> Activity: Beginning with the line of the entries below that holds "AK Dakar, Marchande" and ending with the line that holds "Bát đĩa sứ decor", transcribe each line exactly as written. Pictures stay out.

> Data under study:
::::

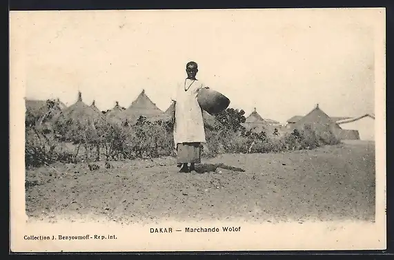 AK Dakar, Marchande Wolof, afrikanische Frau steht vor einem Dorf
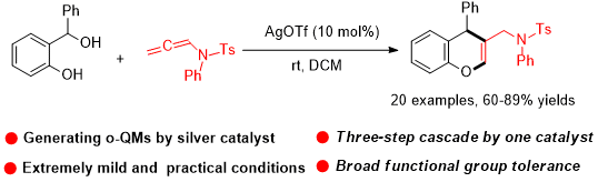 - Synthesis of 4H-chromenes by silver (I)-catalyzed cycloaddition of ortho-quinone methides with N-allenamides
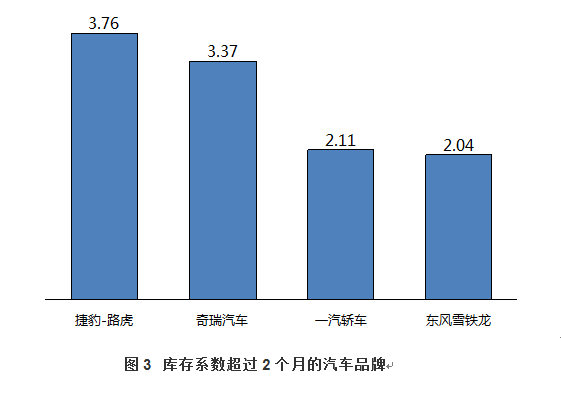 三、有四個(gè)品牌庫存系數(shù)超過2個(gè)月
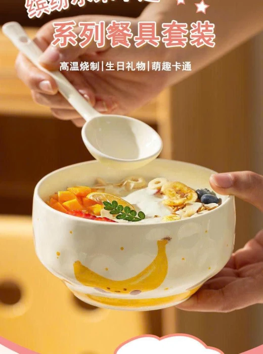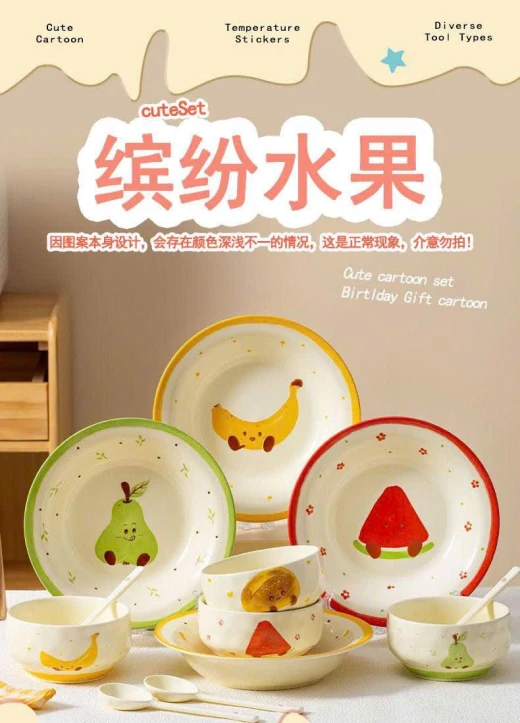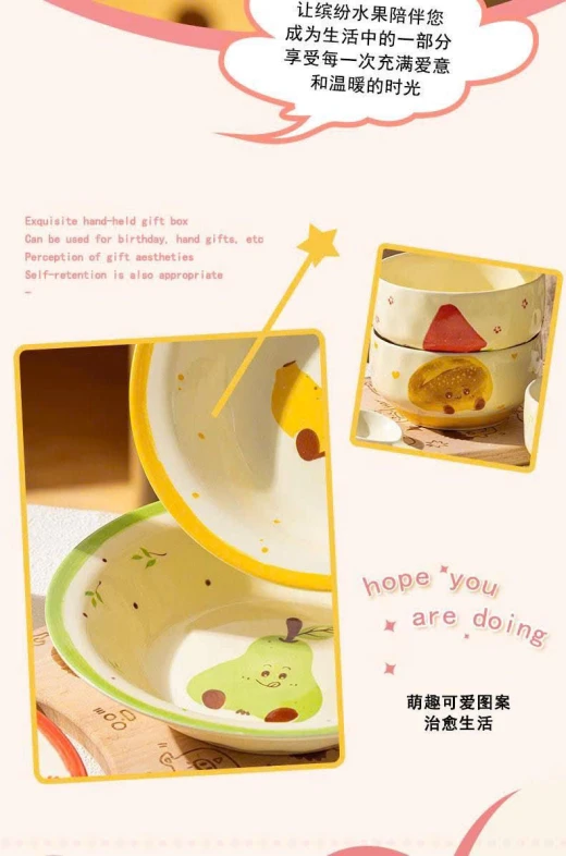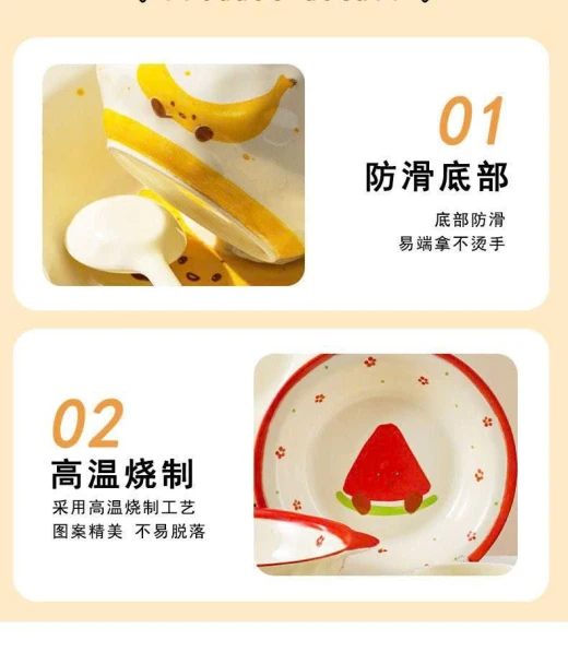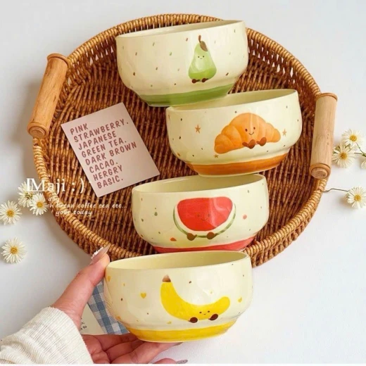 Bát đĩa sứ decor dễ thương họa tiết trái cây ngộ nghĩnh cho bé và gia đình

::::

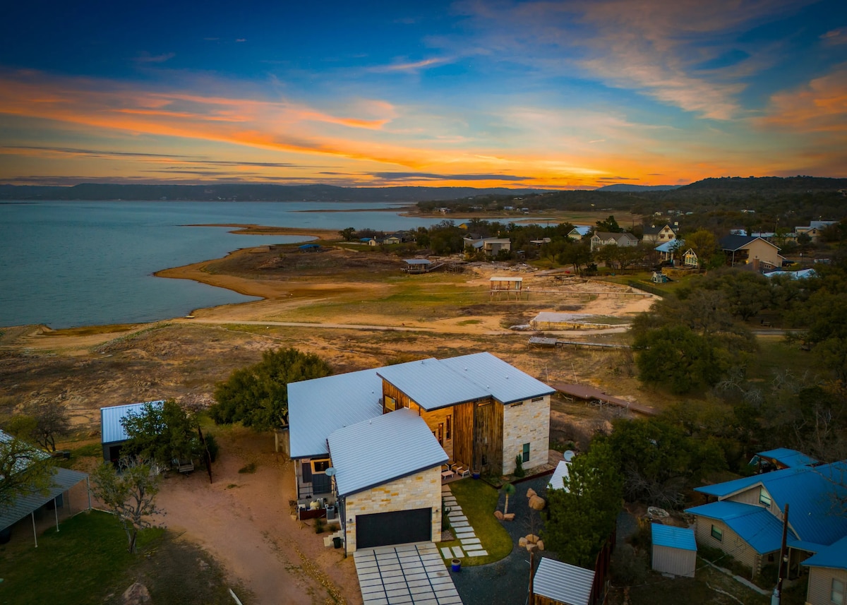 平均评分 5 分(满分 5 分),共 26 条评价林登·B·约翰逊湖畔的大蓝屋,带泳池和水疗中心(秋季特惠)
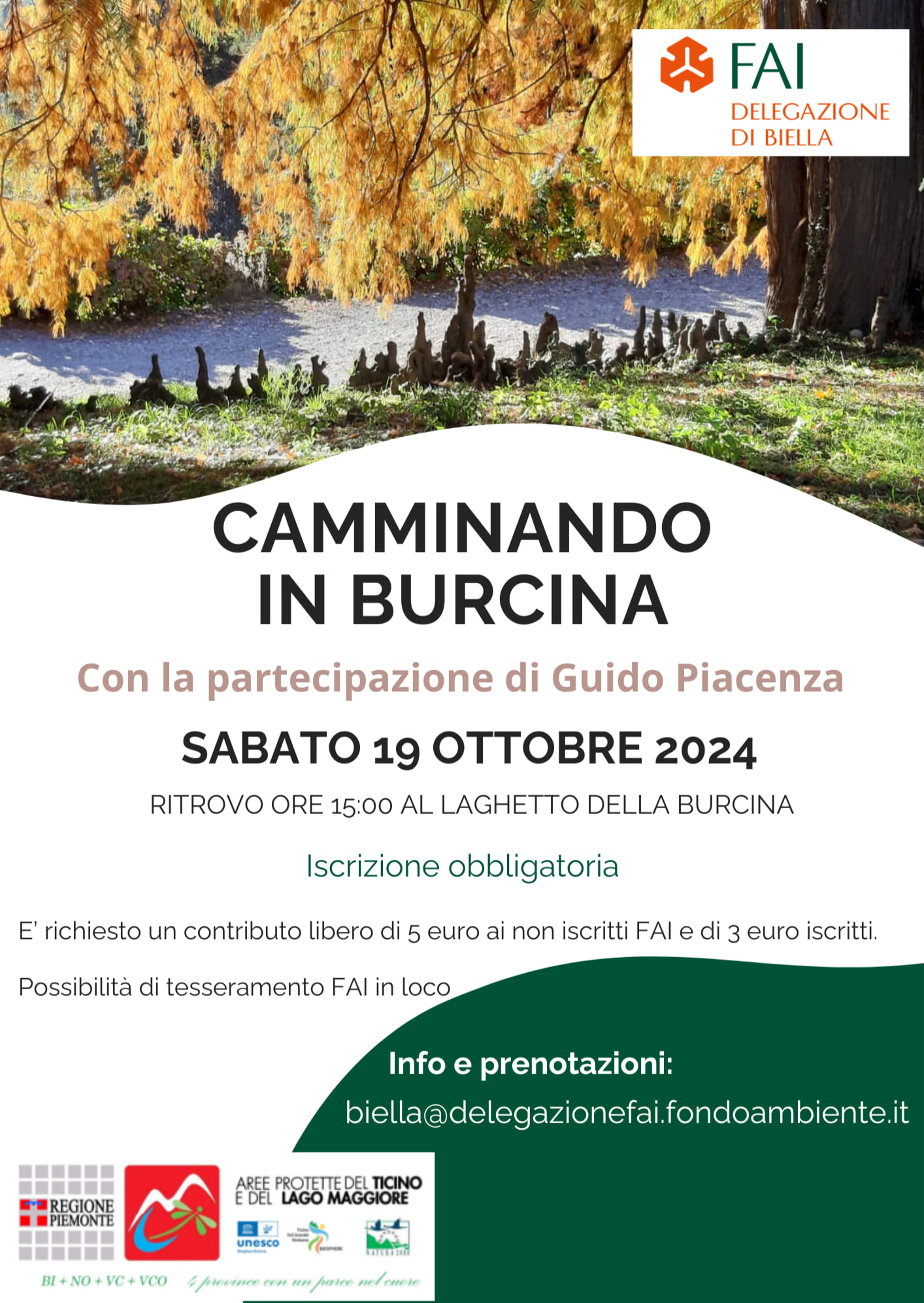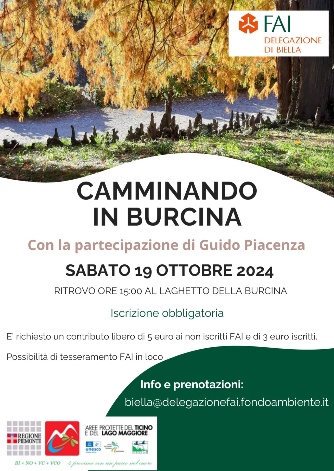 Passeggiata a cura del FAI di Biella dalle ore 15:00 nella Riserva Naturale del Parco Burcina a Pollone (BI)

::::

> Exercise response:
 AK Dakar, Marchande Wolof, afrikanische Frau steht vor einem Dorf
 - Synthesis of 4H-chromenes by silver (I)-catalyzed cycloaddition of ortho-quinone methides with N-allenamides
 三、有四個(gè)品牌庫存系數(shù)超過2個(gè)月
 Bát đĩa sứ decor dễ thương họa tiết trái cây ngộ nghĩnh cho bé và gia đình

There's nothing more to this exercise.